Let $A$ be an abelian C-algebra, B is another abelian C-algebra. Let $D_{A}$ and $D_{B}$ be the dense subsets of $A$ and $B$. Consider $A\otimes B$, is $D_{A}\otimes D_{B}$ still dense in $A\otimes B$?
I suspect that the answer is no, but I cannot give a counter examples.

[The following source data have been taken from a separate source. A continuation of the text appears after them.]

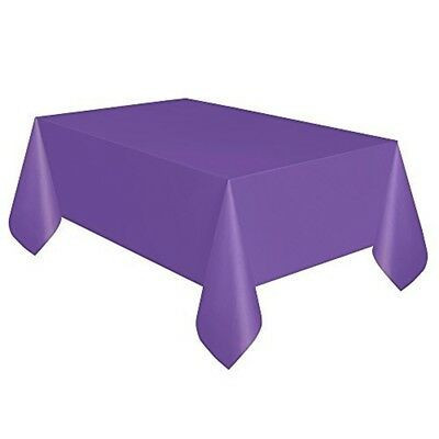 Toalha de plástico retangular na cor roxo neon para festas de aniversário e outros eventos.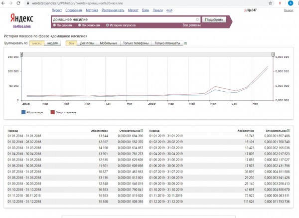 До начала раскрутки тема мало кого интересовала. Об искусственно раздуваемом интересе к проблеме домашнего насилия говорит запрос по ключевым словам в программе вордстат: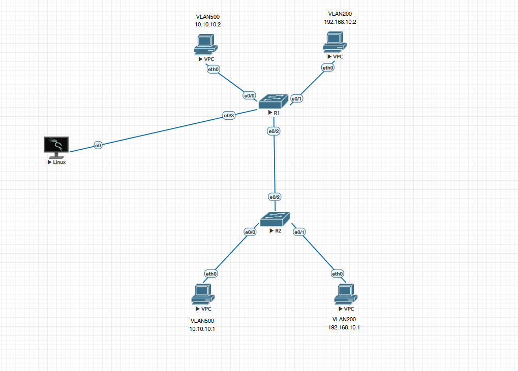 Порт к которому подключена kali linux преобразовался в trunk и на нём ходят все vlan от 1 до 4095 включая VLAN-ы 200 и 500.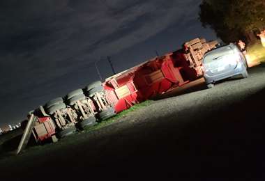 Un siniestro vial registrado sobre la Ruta A012 generó este martes complicaciones tanto en el tránsito como en el suministro eléctrico de Ricardone. Un camión que se desplazaba de oeste a este se salió de la calzada, mordió la banquina y terminó volcando a un costado del camino.

If $D_A\subset A$ and $D_B\subset B$ are dense subspaces, then the algebraic tensor product $D_A\odot D_B$ is dense in $A\otimes B$. First, $A\odot B$ is dense in $A\otimes B$ by definition. So it suffices to prove that every finite sum of the form $\sum_{k=1}^N a_k\otimes b_k$ can approximated by elements from $D_A\odot D_B$. But that's not hard: Simply approximate every $a_k$ by a sequence $(a_k^{(n)})$ in $D_A$ and every $b_k$ by a sequence $(b^{(n)}_k)$ in $D_B$. Since the norm on $A\otimes B$ is a cross norm, we have $a_k^{(n)}\otimes b_k^{(n)}\to a_k\otimes b_k$. Then we can linearly extend this to get $$ \sum_{k=1}^N a_k^{(n)}\otimes b_k^{(n)}\to\sum_{k=1}^N a_k\otimes b_k. $$ Note that I didn't use that $A$ and $B$ are abelian.